| Livestock Research for Rural Development 14 (4) 2002 | Citation of this paper |
This
study was carried out during the years 2000-2001 in 109 flocks to investigate
prevalent diseases and mortality in egg type layers in Chakwal
district. Mortality was defined as the sum of culled and dead birds during a 52
week period prior to disposal of the flock.
Overall mortality due to
various anomalies was 6.67% and there was no known etiology for around 2% of
the losses. 2.74% of birds were culled over the whole period. Diseases caused
higher mortality during brooding (50.4%) and laying (31.3%) than during growing
(18.3%). Coccidiosis was the major problem causing
19.1% mortality with higher incidence during brooding and in birds kept on the
floor. Egg prolapse
and enteritis resulted in 12.1% and 8.4% mortality, respectively. About 7% of
loss was due to disease outbreaks including E.
coli, Infectious Coryza and Chronic Respiratory
disease (CRD). Losses due to Infectious Bronchitis (IB), Omphalitis,
yolk sac infection, ascities and feed toxicity in
each case were around 6%, while Hydro-pericardium syndrome and cannibalism
caused below 5% losses. Overall mortality was 11.4±1.14% with a coefficient of variation of 108%,
representing a relative percent mortality rate of 31.4±0.46, 25.5±0.53
and 43.2±0.49 during brooding, growing and laying periods, respectively.
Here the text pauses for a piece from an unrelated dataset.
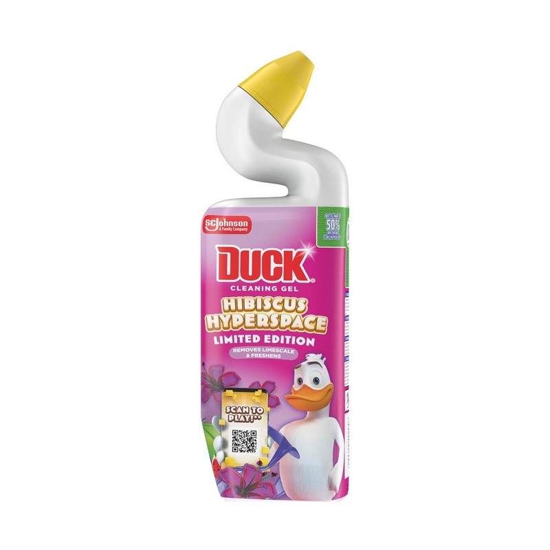 Przenieś swoją łazienkę w kosmiczny wymiar świeżości. Duck® Cleaning Gel Hibiscus Hyperspace skutecznie usuwa kamień i zabrudzenia, pozostawiając egzotyczny zapach hibiskusa. Zapewnia higieniczną czystość, intensywną świeżość i łatwą aplikację dzięki ergonomicznej butelce.
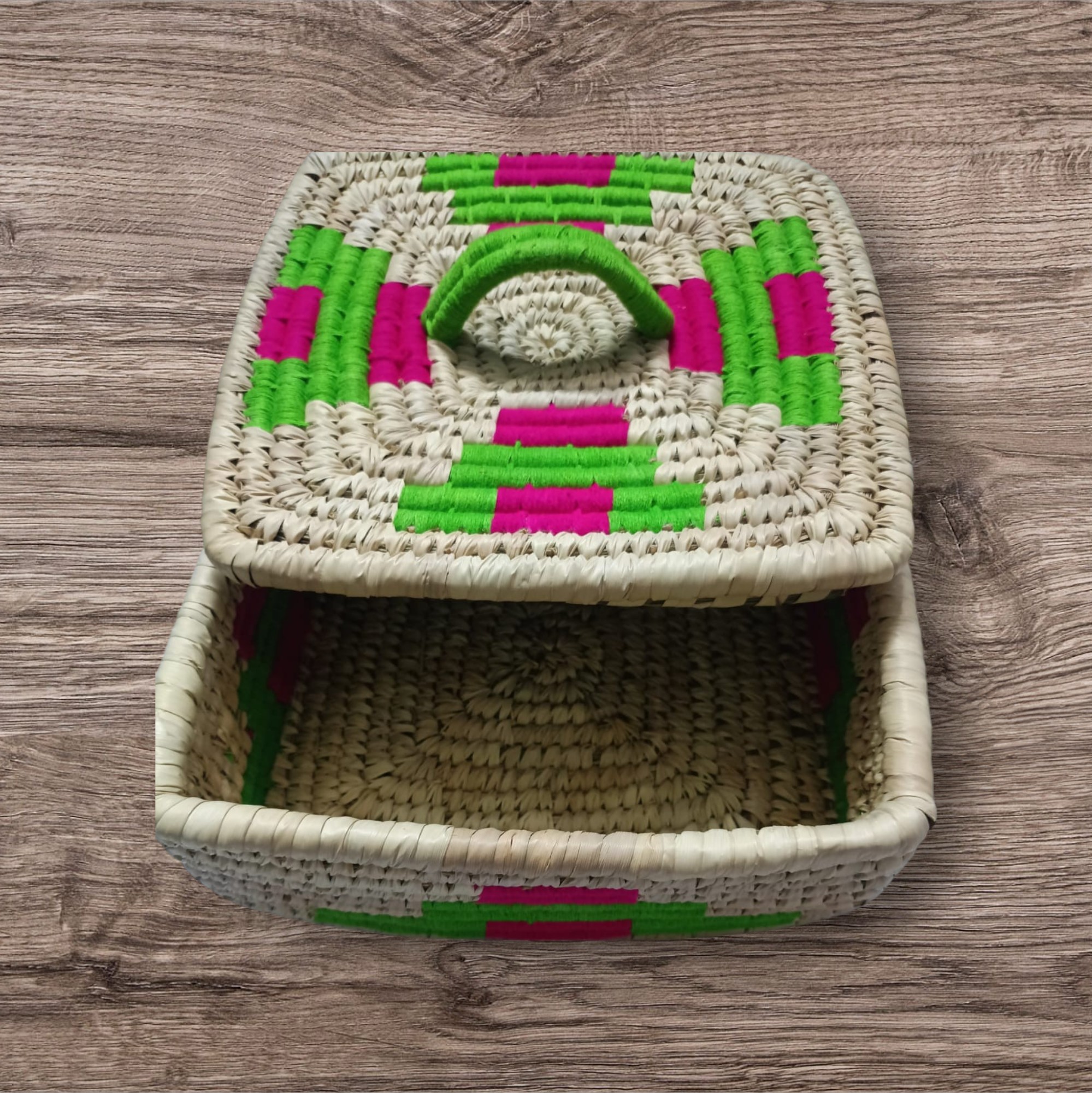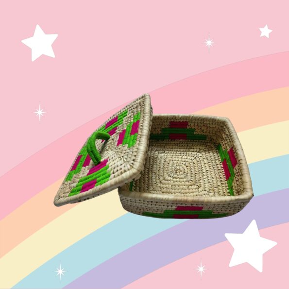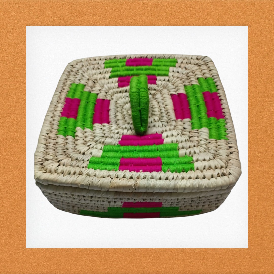 Handwoven from eco-friendly Sabai grass, this charming square basket features intricate weaving, durable construction, and vibrant accents in teal green and magenta pink. Its sturdy lid and handle make it a versatile choice for gift hampers, home storage, or decorative displays.

Hygienic condition, housing system, cage vs. floor rearing, strain of the
chicken and flock size affected mortality in egg type layers. Mortality was found negatively correlated with peak lay (r= -0.43; p<0.001), percent lay (r=
-0.29; p<0.002), hen-day egg
production (r= -0.25; p<0.017) and net profit per bird (r= -0.68; p<0.001) but positively correlated
with age at first lay (r= 0.19
p<0.04). Higher mortality at any stage was observed in small sized flocks,
overcrowded houses and birds maintained under poor hygienic conditions.
Mortality during lay was also higher in birds kept on the floor than those in
cages.
Avoiding
overcrowding, effective use of
brood-grow house under better hygiene, appropriate light schedule and
use of cages instead of floor houses for egg type layers will reduce mortality.
Mortality plays a major role in
determining profit from egg type layers and is a function of dead and culled
birds over the growth and production period.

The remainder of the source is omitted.